Formed as a solo project, Escape-ism encompasses a more lofi-electronic sound compared to Svenonius' band oriented projects. The band has featured Alexandria Cabral and Sandi Denton as live members and contributors. Live shows consist of programmed drum machines, sparse jagged guitars, and stream of consciousness lyrics.

== Other projects ==
Throughout his career, Svenonius has disc jockeyed at clubs such as Cold Rice in Washington, D.C. In 1993 Svenonius and Nation of Ulysses/Make-Up members James Canty and Steve Gamboa were involved in the short-lived project Cupid Car Club, which released only one EP on Kill Rock Stars Records titled Join our Club. In 2001 Svenonius collaborated with the English conceptualist/producer Mike Alway of If.. Records to create the record Play Power under the pseudonym David Candy. The album was released through Jet Set Records, Siesta Records, and If.. Records. Play Power was part of a series of "Magazine-Style Records" which included other imaginary acts such as Death by Chocolate, Maria Napoleon, and Lollipop Train.

Svenonius wrote an afterword for Glen E. Friedman's 2005 photography book Recognize (ISBN 0-9641916-6-0), as well as the introduction to Friedman's 2007 book Keep Your Eyes Open (ISBN 0-9641916-8-7). As host of the VBS.TV online show Soft Focus, Svenonius interviews guests such as Ian MacKaye, Genesis P-Orridge, Adam Horovitz, Cat Power and Will Oldham in front of a live audience at the Guggenheim Museum in New York City. Soft Focus later moved to London, England, where Svenonius interviewed British artists such as Mark E. Smith of The Fall and Billy Childish. In 1994, Svenonius had a supporting role in the independent film Half-Cocked. In 2001, Svenonius appeared in the documentary Plaster Caster about the plaster casts of Cynthia Plaster Caster.

In 2021, Svenonius co-released the feature length film The Lost Record, named for the Escape-ism record of the same title.

=== The Psychic Soviet and other writing===
In July 2006, Svenonius released a book of 19 essays titled the Psychic Soviet (ISBN 0-9656183-9-0), published by Drag City Press. Pocket-sized and bound in bright-pink plastic with beveled edges, its form is similar to "The Little Red Book", a Bible, or a foreign-language dictionary. The book serves as an anthology of past articles and essays by Svenonius previously published in periodicals, edited for readability and flow, with a number of new essays included.

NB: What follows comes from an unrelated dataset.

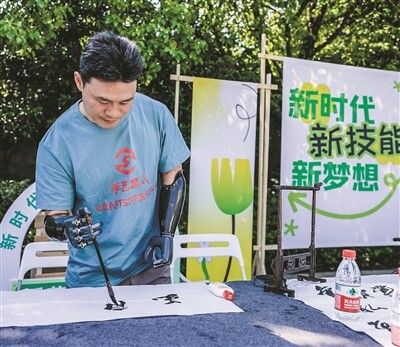 肢残人士佩戴智能仿生手进行书法创作

The "Instructions" that preface the book state that it "should clear up much of the confusion regarding events of the last millennium – artistic, geo-political, philosophical, et al." and encourages the reader to "refer to the book in case of ethical quandaries, arguments, and social feuds". The writing addresses topics such as the ascent of the DJ as a "star", the "cosmic depression" that followed the defeat of the Union of Soviet Socialist Republics in the Cold War, and the status of rock and roll as a religion.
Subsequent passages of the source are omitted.